The biosynthesis of PAs shares common steps with the anthocyanin pathway until the flavan-3,4-diol step (e.g., leucocyanidin in Figure 1). Leucocyanidin is converted into flavan-3-ols catechin and epicatechin through either via a single-step reaction catalyzed by leucoanthocyanidin reductase (LAR) or a two-step reaction catalyzed by leucoanthocyanidin dioxygenase (LDOX) and anthocyanidin reductase (ANR), respectively. However, little is known about the polymerization of flavan-3-ol monomers. To date, PA-specific pathway genes, LAR and ANR, have been characterized in a variety of fruit trees, such as grapevine (Bogs et al., 2005), persimmon (Ikegami et al., 2005, 2007; Akagi et al., 2009a,b), apple (Han et al., 2012; Henry-Kirk et al., 2012; Liao et al., 2015), strawberry (Schaart et al., 2013; Fischer et al., 2014), and peach (Ravaglia et al., 2013).
FIGURE 1. Schematic diagram of the flavonoid biosynthetic pathway in peach. PAL, phenylalanine ammonia-lyase; C4H, cinnamate 4-hydroxylase; 4CL, 4-coumarate:CoA ligase; CHS, chalcone synthase; CHI, chalcone isomerase; F3H, flavanone 3-hydroxylase; F3′H, flavonoid 3′-hydroxylase; DFR, dihydroflavonol reductase; LODX, leucoanthocyanidin dioxygenase; UFGT, UDP glucose, flavonoid 3-O-glucosyltransferase.

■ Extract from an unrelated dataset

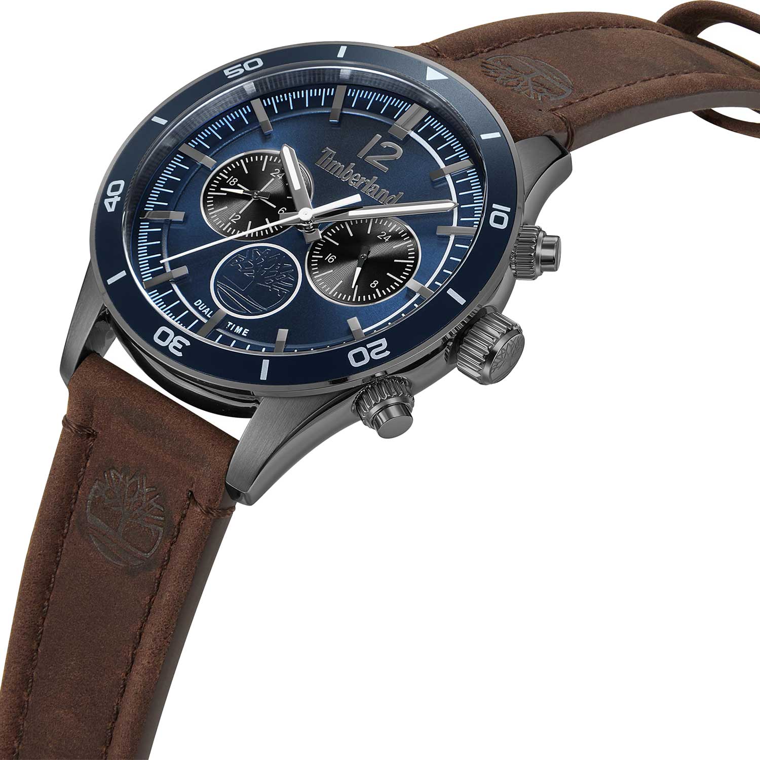 Мужские часы-хронографХронографФункция позволяет измерять отрезки времени с особой точностью: часы, минуты, секунды. Верным признаком хронографа является наличие на циферблате 3 дополнительных окошек-счётчиков. Timberland Abbotville TDWGF2230903 имеют кварцевый механизм с высокой точностью. Класс водозащиты: 50 метров, позволит защитить корпус от случайных брызг или капель дождя. 12-ти и 24-х часовой формат времени. СекундомерСекундомерСекундоме́р — прибор, способный измерять интервалы времени с точностью до долей секунды.. Корпус часов изготовлен из стали.БезельБезельВнешний ободок, закрепляющий стекло. В спортивных часах так называется поворотное кольцо с делениями на циферблате, выполняет роль таймера – замеряет отрезки времени на шкале. Неподвижный безель – элемент декора. Однонаправленно вращающийся безель на дайверских часах позволяет фиксировать моменты погружения и выныривания на поверхность. с IP-покрытиемIP-покрытиеМетод ионного напыления. Демонстрирует повышенную устойчивость к истиранию, окислению и химическим веществам. Под воздействием высокого давления и температуры около 1500°C молекулы металла надёжно соединяются с частицами корпуса часов..

Proanthocyanidin accumulation is regulated at the transcriptional level by MYB transcription factors (TFs). To date, PA-related MYB activators have been identified in various plant species, such as AtMYB123 (AtTT2) and AtMYB5 in Arabidopsis (Nesi et al., 2001; Li et al., 2009), VvMYBPA1, VvMYBPA2, VvMYB5a, and VvMYB5b in grapevine (Deluc et al., 2006, 2008; Bogs et al., 2007; Terrier et al., 2009), MtPAR, MtMYB5, and MtMYB14 in Medicago (Verdier et al., 2012; Liu et al., 2014), LjTT2s in lotus (Yoshida et al., 2008), DkMYB2 and DkMYB4 in persimmon (Akagi et al., 2009b, 2010), PtMYB134 in poplar (Mellway et al., 2009), TaMYB14 from Trifolium arvense (Hancock et al., 2012), FtMYB1/FtMYB2 in tartary buckwheat (Bai et al., 2014), PpMYBPA1 in nectarine (Ravaglia et al., 2013) and MdMYB9/MdMYB11 in apple (Gesell et al., 2014; An et al., 2015). These PA-related MYB activators are divided into three phylogenetic groups (Akagi et al., 2010; Hancock et al., 2012).

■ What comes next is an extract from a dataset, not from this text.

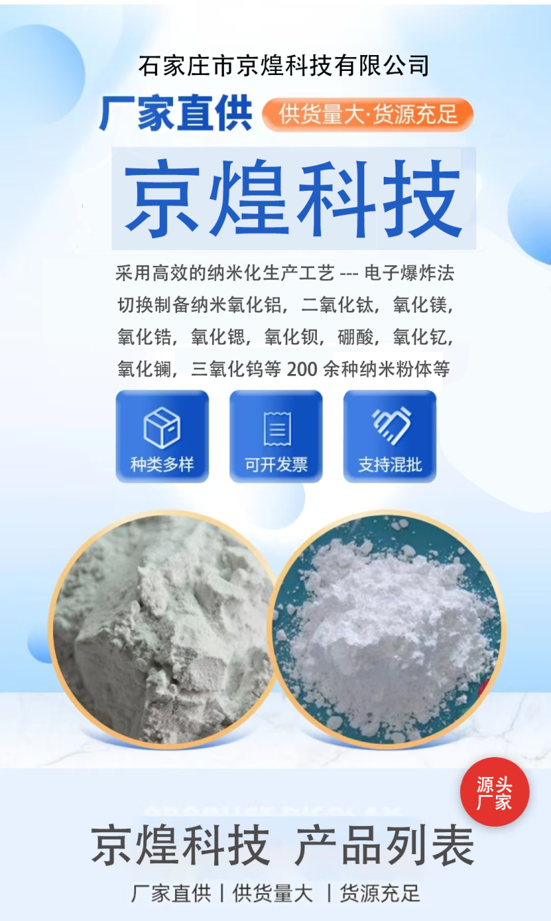 石家庄市京煌科技专业高纯、纳米新材料研发销售。纳米氧化铝、纳米氧化钛、纳米氧化锆、纳米氧化硅、纳米氧化钨、纳米稀土、纳米陶瓷粉、纳米金属粉、碳纳米管等纳米高纯材料。15931391033来经理

Proanthocyanidin biosynthesis is affected by internal developmental cues such as phytohormones and external environmental stresses such as wounding (Zoratti et al., 2014; Liu et al., 2015). In fruit trees, the effects of developmental and environmental cues on PA synthesis have been investigated in persimmon as its fruit accumulates abundant PAs. DkbZIP5 can activate the PA-related MYB activator DkMYB4 via an ABA signal, resulting in the accumulation of PAs (Akagi et al., 2012). Whereas, ethylene responsive factors (ERFs) induce a decrease of PAs via the ethylene pathway (Min et al., 2012). Wounding induces PA synthesis through activating PA-related MYB regulator DkMYB2 (Akagi et al., 2010). More recently, jasmonate has been shown to activate PA synthesis in apple (An et al., 2015).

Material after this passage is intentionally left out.